Faculty of Sciences, Laboratory of Cellular and Molecular Neurosciences, University of Chile, Ñuñoa, Santiago, Chile International Center for Biomedicine (ICC), Vitacura, Santiago, Chile.
J Alzheimers Dis. 2013;37(4):849-56. doi: 10.3233/JAD-131843.
Neuroinflammation is a process related to the onset of several neurodegenerative disorders, including Alzheimer's disease (AD). Increasing sets of evidence support the major role of deregulation of the interaction patterns between glial cells and neurons in the pathway toward neuronal degeneration, a process we are calling neuroimmunomodulation in AD. On the basis of the hypothesis that pathological tau aggregates induce microglial activation with the subsequent events of the neuroinflammatory cascade, we have studied the effects of tau oligomeric species and filamentous structures over microglial cells in vitro. Tau oligomers and fibrils were induced by arachidonic acid and then their actions assayed upon addition to microglial cells. We showed activation of the microglia, with significant morphological alterations as analyzed by immunofluorescence. The augmentation of nitrites and the proinflammatory cytokine IL-6 was evaluated in ELISA assays. Furthermore, conditioned media of stimulated microglia cells were exposed to hippocampal neurons generating altered patterns in these cells, including shortening of neuritic processes and cytoskeleton reorganization.

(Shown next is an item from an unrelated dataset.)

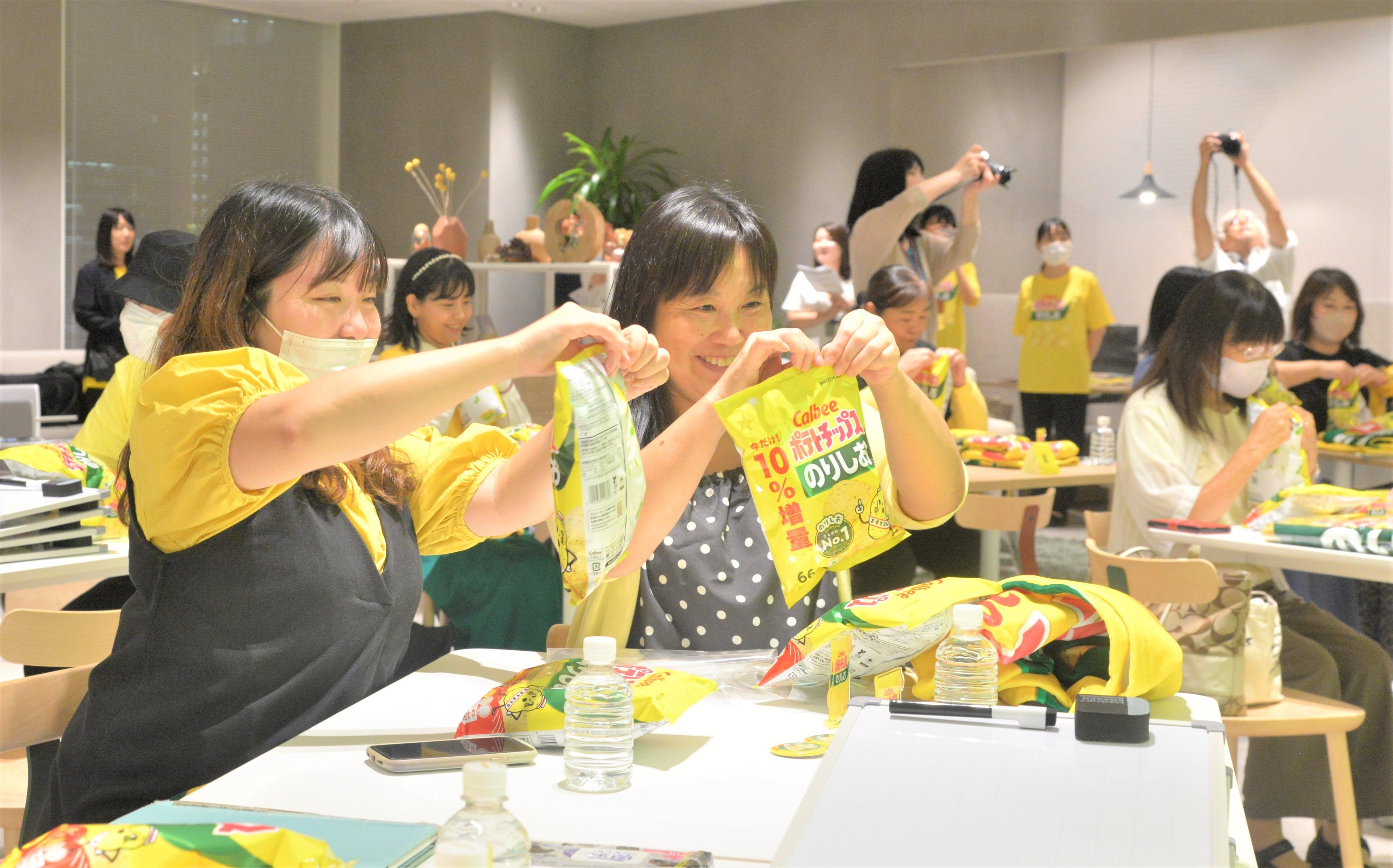 当日は、「のりしお」ファン約30人が参加。2023年9月25日(月)に全国でリニューアル発売する「ポテトチップス のりしお」の先行試食や、リニューアルする「のりしお」をPRする文章を検討するグループワーク、クイズなどを楽しみました。グループワークで考えたPR文章の一部は、カルビーPR部公式X(旧Twitter)アカウント上で実際に投稿する予定です。

神经炎症与包括阿尔茨海默病(AD)在内的几种神经退行性疾病的发病有关。越来越多的证据支持神经胶质细胞和神经元之间相互作用模式失调在神经元变性途径中的主要作用,我们将这一过程称为 AD 中的神经免疫调节。基于病理性 tau 聚集物诱导小胶质细胞激活,随后引发神经炎症级联反应的假说,我们已经在体外研究了 tau 寡聚体和丝状结构对小胶质细胞的影响。通过花生四烯酸诱导 tau 寡聚体和原纤维的形成,然后在加入小胶质细胞后检测它们的作用。我们通过免疫荧光分析显示小胶质细胞的激活,以及显著的形态改变。通过 ELISA 检测评估亚硝酸盐和促炎细胞因子 IL-6 的增加。此外,刺激的小胶质细胞的条件培养基暴露于海马神经元中,导致这些细胞出现改变的模式,包括神经突过程缩短和细胞骨架重组。